(What to work on): Repeat every line of the data exactly; no picture belongs in the copy.

(Records shown):
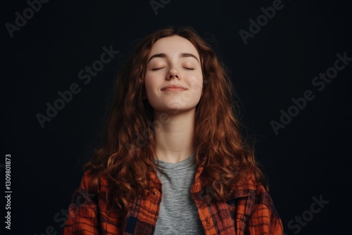 serenity, calm, young, woman, curly, hair, plaid, jacket, grey, shirt, peaceful, expression, dark, mindfulness, relaxation, emotion, portrait, happiness, comfort, introspection, personal, moment, calmness, joy, stillness
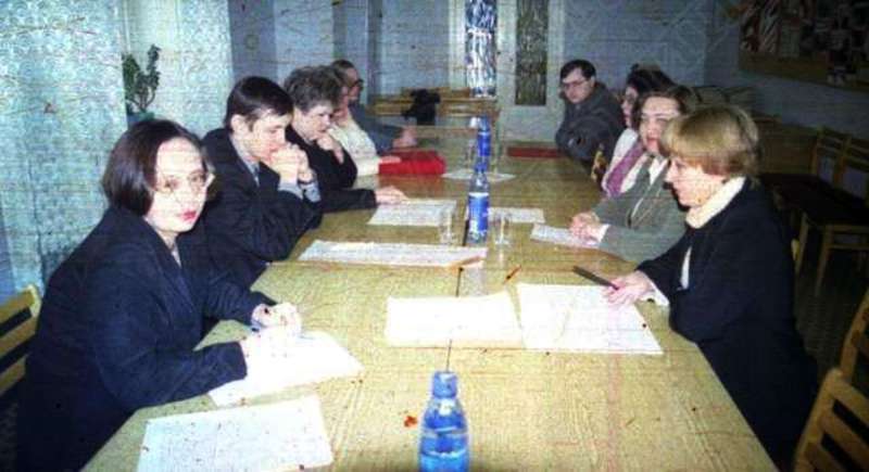 —//— | Заседание республиканской межведомственной комиссии по рассекречиванию документов КПСС при Председателе Правительства Удмуртской Республики. Справа налево: начальник отдела информации и публикации документов ЦДНИ УР Дерюшев Анатолий Борисович; заместитель директора Центрального государственного архива Безносова Ольга Михайловна; председатель Комитета по делам архивов при Правительстве Удмуртской Республики Коробейникова Надежда Кузьминична; заместитель директора ЦДНИ УР Ушакова Елена Мурмановна; заместитель председателя Комитета по делам архивов при Правительстве Удмуртской Республики Рогожникова Наталья Львовна; директор ЦДНИ УР Василечко Наталья Владимировна; начальник организационно-аналитического отдела Комитета по делам архивов при Правительстве Удмуртской Республики Белова Елена Анатольевна; главный специалист организационно-аналитического отдела Комитета по делам архивов при Правительстве Удмуртской Республики Опарина Вера Дмитриевна | 11 декабря 2002 | негатив, пленка, удовлетворительное | |
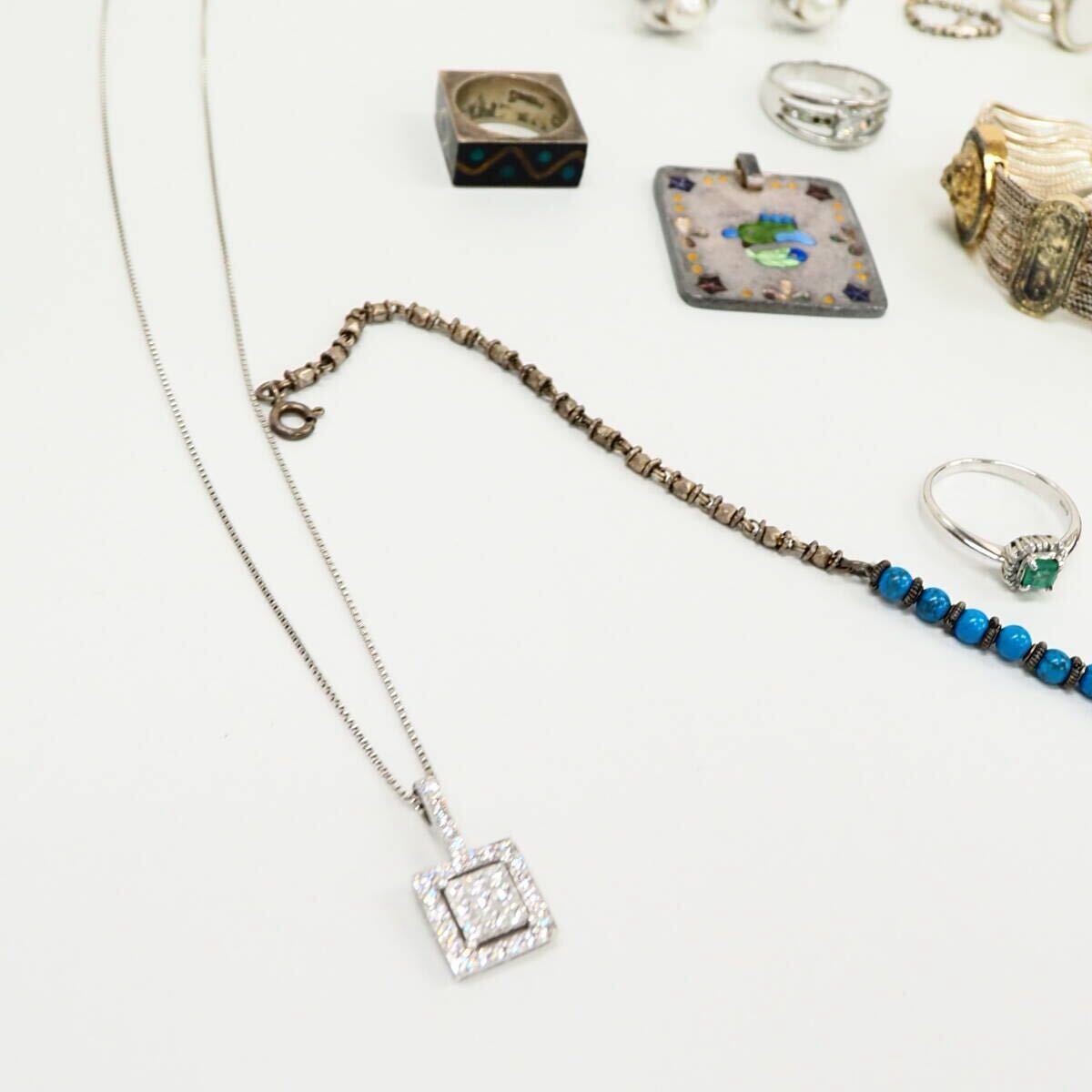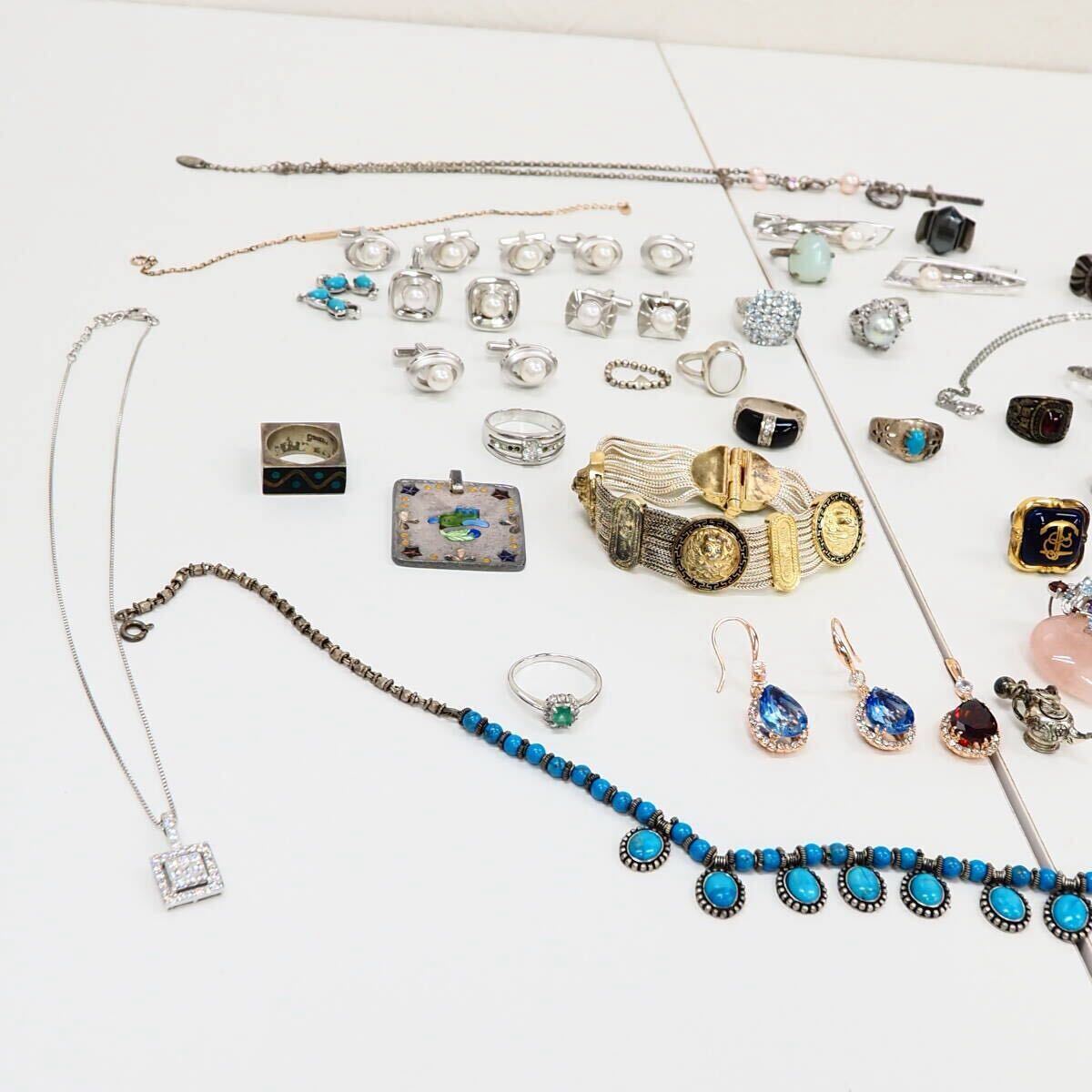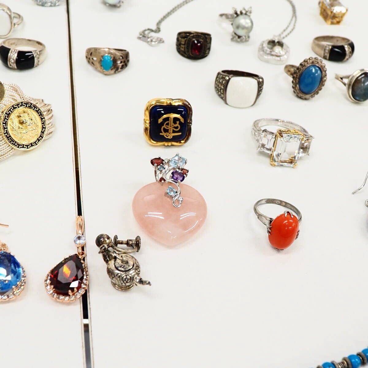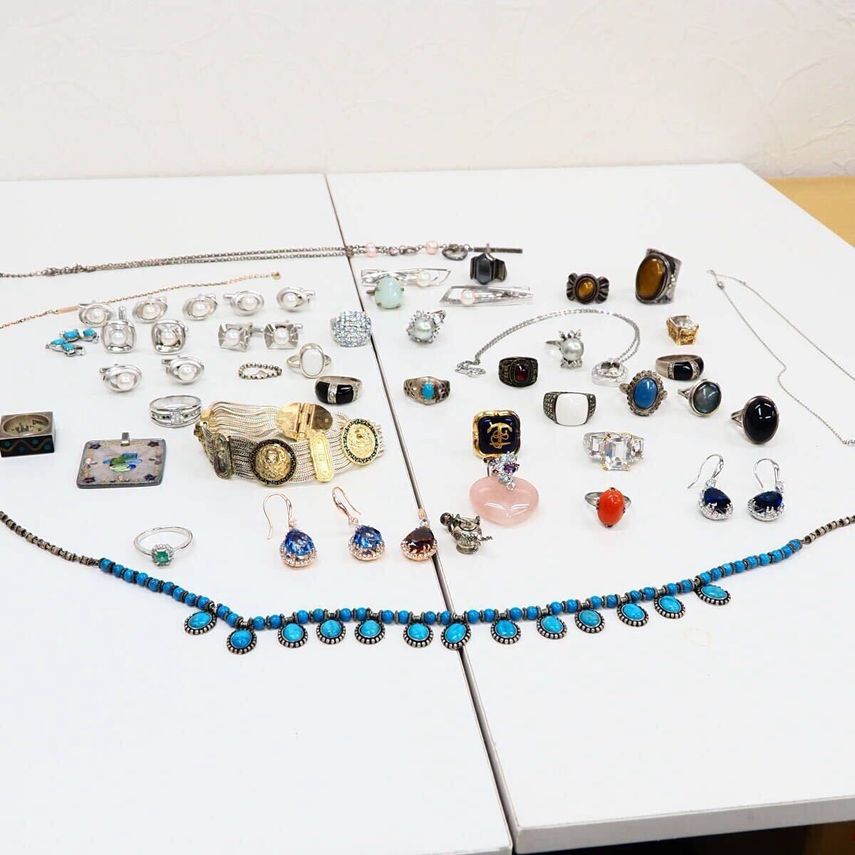 51749他-600 silver リング 大量 まとめ 約440g◆天然石/SV/ほぼ925と純銀/◆シルバー パール色石まとめ 送料600円~
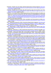 ■ TR-Today - Türkiye Today (25.10.2024): Drunk man attacks Kurdish-oriented DEM Party headquar ters in Türkiye’s Ankara - Türkiye Today, https://www.turkiyetoday.com/turkiye/drunk-man-attacks-k urdish-oriented-dem-party-headquarters-in-turkiyes-ankara-70146 , Zugriff 19.3.2025 ■ USDOS - United States Department of State [USA] (22.4.2024): Country Report on Human Rights Practices 2023 – Turkey (Türkiye), https://www.state.gov/wp-content/uploads/2024/02/528267_TU ̈RKIYE-2023-HUMAN-RIGHTS-REPORT.pdf , Zugriff 23.4.2024 [Login erforderlich] ■ USDOS - United States Department of State [USA] (20.3.2023): Country Report on Human Rights Practices 2022 – Turkey (Türkiye), https://www.state.gov/wp-content/uploads/2023/03/415610_TU ̈RKIYE-2022-HUMAN-RIGHTS-REPORT.pdf , Zugriff 29.9.2023 ■ VOA - Voice of America (1.11.2024): Erdogan sues opposition chief, Istanbul mayor for slander, https: //www.voanews.com/a/erdogan-sues-opposition-chief-istanbul-mayor-for-slander/7848167.html , Zugriff 5.11.2024 ■ WZ - Wiener Zeitung (25.4.2023): Neue Verhaftungswelle in der Türkei, https://www.wienerzeitung. at/nachrichten/politik/welt/2186365-Neue-Verhaftungswelle-in-der-Tuerkei.html , Zugriff 23.2.2024 ■ YR - Yetkin Report (3.7.2025): After İmamoğlu, Turkish opposition leader Özel faces prison threat, too - Yetkin Report, https://yetkinreport.com/en/2025/07/03/after-imamoglu-turkish-opposition-leade r-ozel-faces-prison-threat-too , Zugriff 4.7.2025 ■ Zeit Online - Zeit Online (11.6.2025): Türkei: Erdoğans Partei übernimmt nach Festnahme von Bürgermeister dessen Amt, https://www.zeit.de/politik/ausland/2025-06/tuerkei-recep-tayyip-erdog an-buergermeister-wahl, Zugriff 4.7.2025 ■ Zeit Online - Zeit Online (26.4.2025): Türkei: Erneute Festnahmen von Mitarbeitern der Stadtver waltung in Istanbul, https://www.zeit.de/politik/ausland/2025-04/tuerkei-festnahmen-mitarbeiter-sta dtverwaltung-istanbul, Zugriff 29.4.2025 ■ Zeit Online - Zeit Online (17.6.2021): Eine Tote bei Angriff auf Büro der pro-kurdischen HDP, https: //www.zeit.de/politik/2021-06/tuerkei-hdp-kurdisch-oppositionspartei-angriff-tote , Zugriff 23.2.2024 ■ Zeit Online - Zeit Online (31.3.2021): Türkei: Verfassungsgericht gibt HDP-Verbotsklage zurück, https://www.zeit.de/news/2021-03/31/tuerkei-verfassungsgericht-gibt-hdp-verbotsklage-zurueck , Zugriff 23.2.2024 14 Verfolgung fremder Staatsbürger wegen Straftaten im Ausland Letzte Änderung 2025-08-06 12:59 Der UN-Menschenrechtsrat veröffentlichte Mitte September 2020 einen Bericht der Unabhän gigen Internationalen Untersuchungskommission für die Arabische Republik Syrien, wonach letztere Informationen erhielt, die darauf hindeuten, dass syrische Staatsangehörige, darunter auch Frauen, die von der (pro-türkischen) Syrischen Nationalarmee (SNA) in der Region Ra’s al-’Ayn festgenommen wurden, anschließend von türkischen Streitkräften in die Türkei überstellt, und dort nach türkischem Strafrecht wegen vermeintlicher Verbrechen in der syrischen Region Ra’s al-’Ayn angeklagt wurden, unter anderem wegen Mordes oder der Mitgliedschaft in einer terroristischen Vereinigung. Die Kommission stellte ferner fest, dass die Überstellung von Sy rern, die von der SNA inhaftiert wurden, auf türkisches Hoheitsgebiet dem Kriegsverbrechen der unrechtmäßigen Deportation geschützter Personen gleichkommen kann (UNHRC 14.8.2020). Sowohl Araber als auch Kurden wurden zwischen Oktober und Dezember 2019 im Nordosten Syriens festgenommen, nachdem die Türkei nach ihrem Einmarsch in Nordsyrien die effekti ve Kontrolle über das Gebiet übernommen hatte (HRW 3.2.2021). Die Verhaftungen erfolgten hauptsächlich in den Vororten von Tell Abyad und Ra’s al-’Ayn. Bei den Betroffenen handelte es sich auch um Personen, die für die Institutionen der Autonomieverwaltung arbeiteten, und andere, die keinerlei militärische oder politische Verbindungen zu dieser hatten. Unter den in die Türkei Überstellten befanden sich auch Kämpfer der Volksschutzeinheiten (YPG) und der 199
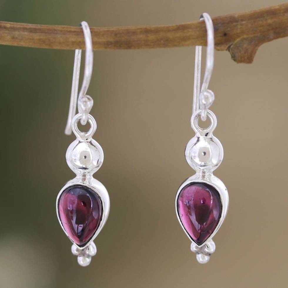 Polished Sterling Silver Dangle Earrings with Faceted Garnet 'Noble Passion' Item ID: 2671786992

(Result for this task):
 serenity, calm, young, woman, curly, hair, plaid, jacket, grey, shirt, peaceful, expression, dark, mindfulness, relaxation, emotion, portrait, happiness, comfort, introspection, personal, moment, calmness, joy, stillness
 —//— | Заседание республиканской межведомственной комиссии по рассекречиванию документов КПСС при Председателе Правительства Удмуртской Республики. Справа налево: начальник отдела информации и публикации документов ЦДНИ УР Дерюшев Анатолий Борисович; заместитель директора Центрального государственного архива Безносова Ольга Михайловна; председатель Комитета по делам архивов при Правительстве Удмуртской Республики Коробейникова Надежда Кузьминична; заместитель директора ЦДНИ УР Ушакова Елена Мурмановна; заместитель председателя Комитета по делам архивов при Правительстве Удмуртской Республики Рогожникова Наталья Львовна; директор ЦДНИ УР Василечко Наталья Владимировна; начальник организационно-аналитического отдела Комитета по делам архивов при Правительстве Удмуртской Республики Белова Елена Анатольевна; главный специалист организационно-аналитического отдела Комитета по делам архивов при Правительстве Удмуртской Республики Опарина Вера Дмитриевна | 11 декабря 2002 | негатив, пленка, удовлетворительное | |
 51749他-600 silver リング 大量 まとめ 約440g◆天然石/SV/ほぼ925と純銀/◆シルバー パール色石まとめ 送料600円~
 ■ TR-Today - Türkiye Today (25.10.2024): Drunk man attacks Kurdish-oriented DEM Party headquar ters in Türkiye’s Ankara - Türkiye Today, https://www.turkiyetoday.com/turkiye/drunk-man-attacks-k urdish-oriented-dem-party-headquarters-in-turkiyes-ankara-70146 , Zugriff 19.3.2025 ■ USDOS - United States Department of State [USA] (22.4.2024): Country Report on Human Rights Practices 2023 – Turkey (Türkiye), https://www.state.gov/wp-content/uploads/2024/02/528267_TU ̈RKIYE-2023-HUMAN-RIGHTS-REPORT.pdf , Zugriff 23.4.2024 [Login erforderlich] ■ USDOS - United States Department of State [USA] (20.3.2023): Country Report on Human Rights Practices 2022 – Turkey (Türkiye), https://www.state.gov/wp-content/uploads/2023/03/415610_TU ̈RKIYE-2022-HUMAN-RIGHTS-REPORT.pdf , Zugriff 29.9.2023 ■ VOA - Voice of America (1.11.2024): Erdogan sues opposition chief, Istanbul mayor for slander, https: //www.voanews.com/a/erdogan-sues-opposition-chief-istanbul-mayor-for-slander/7848167.html , Zugriff 5.11.2024 ■ WZ - Wiener Zeitung (25.4.2023): Neue Verhaftungswelle in der Türkei, https://www.wienerzeitung. at/nachrichten/politik/welt/2186365-Neue-Verhaftungswelle-in-der-Tuerkei.html , Zugriff 23.2.2024 ■ YR - Yetkin Report (3.7.2025): After İmamoğlu, Turkish opposition leader Özel faces prison threat, too - Yetkin Report, https://yetkinreport.com/en/2025/07/03/after-imamoglu-turkish-opposition-leade r-ozel-faces-prison-threat-too , Zugriff 4.7.2025 ■ Zeit Online - Zeit Online (11.6.2025): Türkei: Erdoğans Partei übernimmt nach Festnahme von Bürgermeister dessen Amt, https://www.zeit.de/politik/ausland/2025-06/tuerkei-recep-tayyip-erdog an-buergermeister-wahl, Zugriff 4.7.2025 ■ Zeit Online - Zeit Online (26.4.2025): Türkei: Erneute Festnahmen von Mitarbeitern der Stadtver waltung in Istanbul, https://www.zeit.de/politik/ausland/2025-04/tuerkei-festnahmen-mitarbeiter-sta dtverwaltung-istanbul, Zugriff 29.4.2025 ■ Zeit Online - Zeit Online (17.6.2021): Eine Tote bei Angriff auf Büro der pro-kurdischen HDP, https: //www.zeit.de/politik/2021-06/tuerkei-hdp-kurdisch-oppositionspartei-angriff-tote , Zugriff 23.2.2024 ■ Zeit Online - Zeit Online (31.3.2021): Türkei: Verfassungsgericht gibt HDP-Verbotsklage zurück, https://www.zeit.de/news/2021-03/31/tuerkei-verfassungsgericht-gibt-hdp-verbotsklage-zurueck , Zugriff 23.2.2024 14 Verfolgung fremder Staatsbürger wegen Straftaten im Ausland Letzte Änderung 2025-08-06 12:59 Der UN-Menschenrechtsrat veröffentlichte Mitte September 2020 einen Bericht der Unabhän gigen Internationalen Untersuchungskommission für die Arabische Republik Syrien, wonach letztere Informationen erhielt, die darauf hindeuten, dass syrische Staatsangehörige, darunter auch Frauen, die von der (pro-türkischen) Syrischen Nationalarmee (SNA) in der Region Ra’s al-’Ayn festgenommen wurden, anschließend von türkischen Streitkräften in die Türkei überstellt, und dort nach türkischem Strafrecht wegen vermeintlicher Verbrechen in der syrischen Region Ra’s al-’Ayn angeklagt wurden, unter anderem wegen Mordes oder der Mitgliedschaft in einer terroristischen Vereinigung. Die Kommission stellte ferner fest, dass die Überstellung von Sy rern, die von der SNA inhaftiert wurden, auf türkisches Hoheitsgebiet dem Kriegsverbrechen der unrechtmäßigen Deportation geschützter Personen gleichkommen kann (UNHRC 14.8.2020). Sowohl Araber als auch Kurden wurden zwischen Oktober und Dezember 2019 im Nordosten Syriens festgenommen, nachdem die Türkei nach ihrem Einmarsch in Nordsyrien die effekti ve Kontrolle über das Gebiet übernommen hatte (HRW 3.2.2021). Die Verhaftungen erfolgten hauptsächlich in den Vororten von Tell Abyad und Ra’s al-’Ayn. Bei den Betroffenen handelte es sich auch um Personen, die für die Institutionen der Autonomieverwaltung arbeiteten, und andere, die keinerlei militärische oder politische Verbindungen zu dieser hatten. Unter den in die Türkei Überstellten befanden sich auch Kämpfer der Volksschutzeinheiten (YPG) und der 199
 Polished Sterling Silver Dangle Earrings with Faceted Garnet 'Noble Passion' Item ID: 2671786992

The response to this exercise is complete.